Image courtesy of Codemasters/Electronic Arts
The team used the Blueprint visual scripting system for everything from component-based character assembly with livery swaps and car assembly to crowd creation and management. “Not having many coders on our team meant that the ability for an artist to set up each character to follow a set of universal rules defined in Blueprints was invaluable,” says Jones.

For example, Blueprint provided a way for the team to set up characters in advance so that liveries and clothing could be swapped as required by the artist responsible for the shot, without fear of things getting forgotten or misplaced. 

“This was especially useful at the end of the project when a very fast turnaround of renders in various liveries was required,” says Jones. “Also, we would not have been able to contemplate this project without the hair and groom system in UE4, which was (when we first began the project) only in the Experimental phase but was thankfully developed during the course of the project.”

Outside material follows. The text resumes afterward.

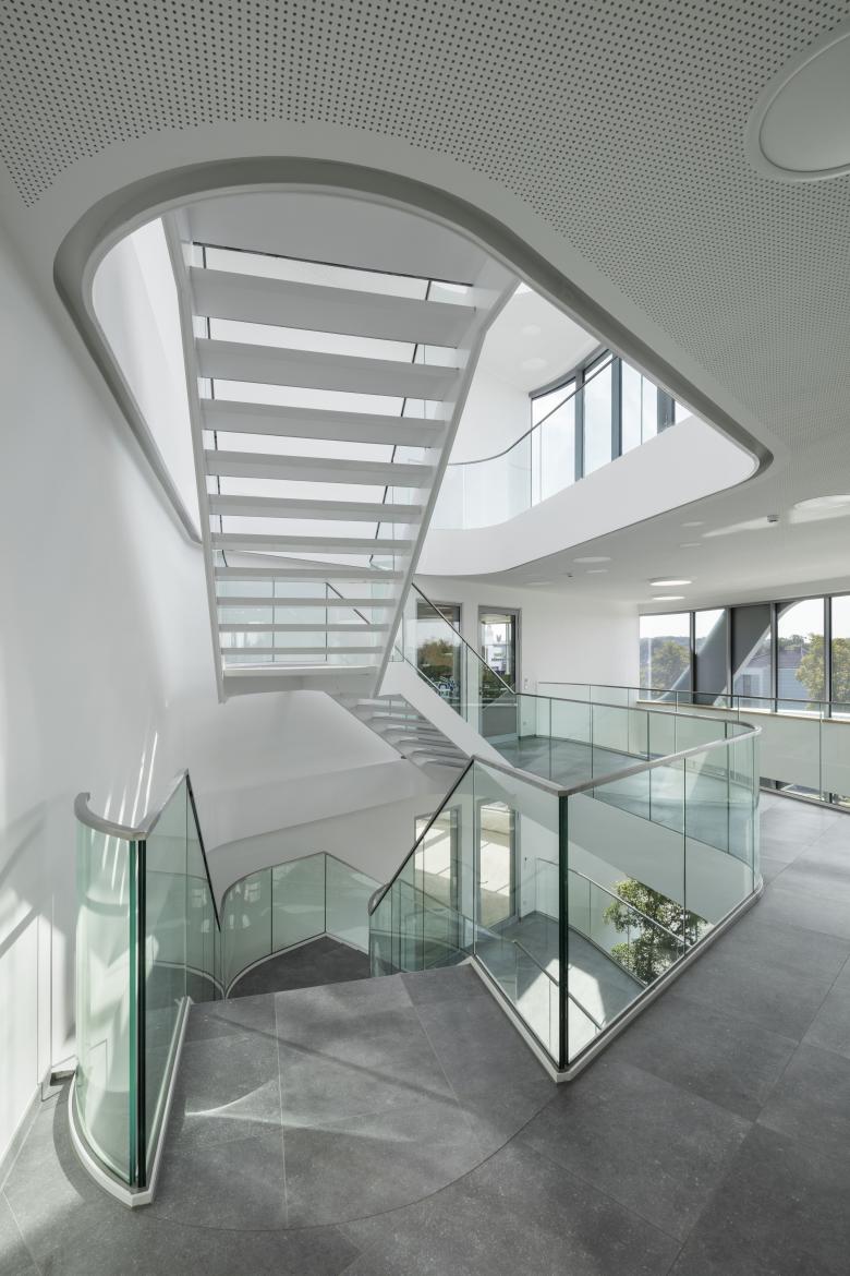 Auch im Inneren, besonders im begrünten Atrium, das sich über alle 4 Geschosse erstreckt, und durch das ein großzügiges Treppenhaus führt, erscheint das Haus mit seinen vielen Aus- und Durchblicken sehr hell und transparent.

You can see just how far the engine’s hair and fur system, which is now production-ready, has come in this short film by Weta Digital. 
 

The sky's the limit 

REALTIME has always prided itself on its high-quality rendering. The team first started using Unreal Engine when creating visuals that were entirely representative for a game. For example, a lot of their work for RARE was required to sit seamlessly with the game developer’s game, so the choice of Unreal Engine was more about matching the client’s solves. 

“F1 2021 was our first major cinematic project where UE4 was used to replace a CPU renderer, and we were able to make that decision because it can now do hair and ray tracing, and the image quality is incredible,” says Jones. “Even though it's a game, the sky was the limit as to how good Codemasters wanted it to look.”